During the last eighteen months and through the process of drafting The King of Highbanks Road, there is something I’ve not shared with you. It’s the kind of thing that troubles a writer deep down. Even makes him wonder whether it’s worth it.
I’ve never been able to explain to you how it’s more than just a story. I’ve known it was more, even if but from a feeling deep down inside my soul that couldn’t be explained. The words describing it wouldn’t come out. But I knew it was more.
And so there was always a nagging void between the writer and the reader. To be completely honest, I felt a bit inadequate in the vortex of that void, and struggled daily because the story I’ve been telling you wasn’t, well, whole.
We are about to clear all that up.
***
There was not a day that passed from the time I was 5 years old until the day my father died from natural causes in 2011 when I did not believe that would be the day we found him in a roadside ditch, his head blown off with a shotgun.
Every summer morning in 1981 as the temperatures exceeded 100 degrees for 23
consecutive days, I watched dad force down a cup of coffee, then he’d go to the bathroom and vomit for ten minutes. We literally watched a crop burn up that year. It happened to small farmers everywhere. Interest rates skyrocketed the next year, and the banks came after our land. They didn’t care if we had to sleep in a ditch. They just wanted their money. I never believed my father would survive the pressure.
He died twenty years later, hundreds of thousands of dollars in debt.
Earlier this week I randomly came across a 2018 article in The Guardian about suicide rates in rural America. Its title: Why Are American Farmers Killing Themselves? The story quoted two academic researchers who had dedicated their life to counseling small farmers in rural America. And their research specialized on the 1980s.
The weather, the markets, the interest rates, the stress. It was the “wrecking ball” that became the beginning of the end of the small farmer on the American landscape, they said.
A “wrecking ball.”
These guys were telling the part of the story that I didn’t know how to tell. The view from twenty-thousand feet. The big picture.
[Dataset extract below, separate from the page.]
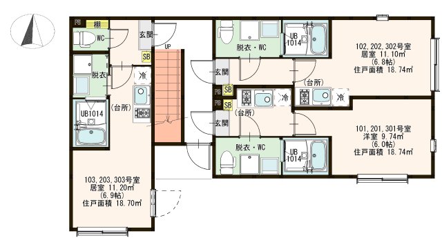 | 1階 | 1K 18.74㎡ | 6.15万円 4,000円 | - 敷

Finishing the long story, I put my head into my hands and cried. I tracked down those researchers and called them, and we talked, and I cried some more. I told them my story. They said they’d heard it a million times. And so they let me cry some more.
“But farm families are proud, and we just don’t talk about it a lot,” the said. “…and yes, we’d be happy to help you with your book. Whatever you need. Anything.”
The thing is, everyone’s normal is relative. We are products of that place from which we come. Without and understanding of something else, the only thing we know is our normal. But there was something that just kept telling me my normal was different. I witnessed too much stress, too much pain, too much struggle. Surely that wasn’t normal.
And so even though I didn’t really know what to call it, I had a deep, down desire to tell you about it and share it with you. It seemed a story that needed told.
And now I get it. It WAS something.
It was a wrecking ball that tore through the landscape I called home.
-30-
Karen Montieth
Thank you for telling your story behind the story.
The poem “Invictus” parallels and explains in a different format what held you together all those years.